Due to uncaught errors in the simulation code, the airbrake software was only really fully functional for the last three launch days. We had a few perfect flights, testament to the funacionality of the code, but electrical errors in our red airbrake and the simplicity of our control algorithm, combined with some unfortunate motor luck, prevented us from reaching nationals.

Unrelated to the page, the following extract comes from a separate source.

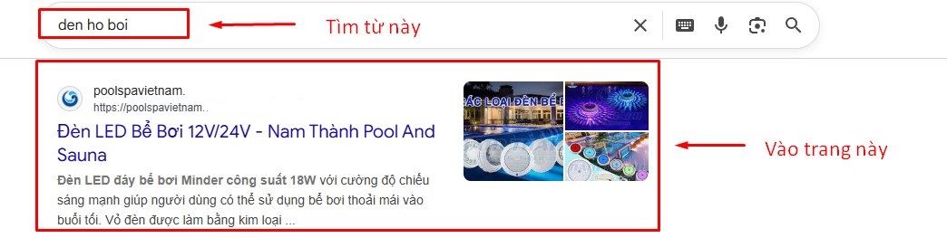 - Bước 2: Tìm từ trên xuống dưới sẽ thấy trang https://poolspavietnam.***.***/***-be-boi/ thì bấm vào đó

Difference between Red and Pink airbrakes

As you can see in the above graph, the pink airbrake had a relatively smooth prediction of the final apogee, and a relatively effective control loop without massive control input variation. In contrast, the red airbrake (below) suffered from some extreme electrical interference that prevented the software from accurately determining the curent estimated altitude, thus rendering any estimation of the final predicted apogee useless. The oscillations in the barometer are due to the exceedingly dumb decision to place the barometer ON TOP of the airbrake servo.

Flight data

flight # motor motor mass (g) total mass (g) apogee (ft) chute diameters (upper stage) (inches) duration (s) Altitude points Time points total points temperature (c) wind speed (m/s) notes date (2025) time (PDT) ARC status Airbrake
23 F41-8 57.6 545 740 15+15 39 50 8 58 Motor Chuffing (significant) 1-Apr 17:54 Pink
24 F41-8 57.4 548.6 757 15+15 39.3 33 6.8 39.8 Motor Chuffing (significant) 1-Apr 17:08 Pink
25 F41-8 57.4 816 15+15 49 26 20 46 1-Apr 18:22 Pink
26 F41-8 57.9 550 798 15+15 44 8 0 8 lower chute stuck 1-Apr 18:42 Pink
27 E35-5 550.6 630 15+15 36 160 20 180 1-Apr 18:59 Pink
28 F41-8 57.6 548 800 15+15 47 10 12 22 1-Apr 19:34 Pink
29 F41-5 56.9 549.6 791 15+15 45.8 1 7.2 8.2 1-Apr 19:48 Pink?
30 E35-5 57 545.9 564 15+15 226 164 390 15 2 4-Apr 15:19 Red
31 F41-8 57.3 545.2 860 15+15 45.5 70 6 76 25 1 4-Apr 15:54 Red
32 F41-8 57.8 730 15+15 43.5 60 0 60 20 3 lower chute stuck 4-Apr 18:18 Red
33 F41-5 57 756 15+15 44.3 34 1.2 35.2 16 1 lower chute stuck 4-Apr 19:01 Red
34 F41-5 745 15+15 46 45 8 53 0 4-Apr 19:20 Red
35 F41-8 57.8 544.3 766 15+15 40.5 24 2 26 23 2.3 5-Apr 11:37 Red
36 F41-5 57.1 547 35 15+15 4.3 755 146.8 901.8 24 3 motor failure (boost) 5-Apr 12:11 Pink
37 F41-5 57.1 781 15+15 43 9 0 9 5-Apr 12:28 Pink
38 F41-5 57.3 547 806 15+15-1 43 16 0 16 29 1.2 small hole cut in chute 5-Apr 13:17 Pink
39 F41-5 57.3 835 15+15-1 43.84 45 0 45 26 5-Apr 13:43 Q1 Pink
40 F39-6 57.8 549.3 698 15+15-1 33 92 32 124 1 5-Apr 15:02 Pink
41 F39-6 57.2 547.3 741 15+15-1 40 49 4 53 28 2.5 5-Apr 15:59 Pink
42 F41-5 57.1 791 15+15-1 15 1 104 105 motor failure (ejection charge) 5-Apr 16:52 Q2 (replaced) Pink
43 F41-5 743 15+15-1 21 47 80 127 screweye ripped 5-Apr 18:30 replacement Q2 (DQ) Red



Flights 25, 26, 28, 29, 37, 38, and 42 are the most accurate representations of our software's capability. Flight 39 used the Pink airbrake (without the electrical errors), yet it shot over the target altitude by over 40 meters. We were able to attribute this to the vastly overpowered motor we used that flight.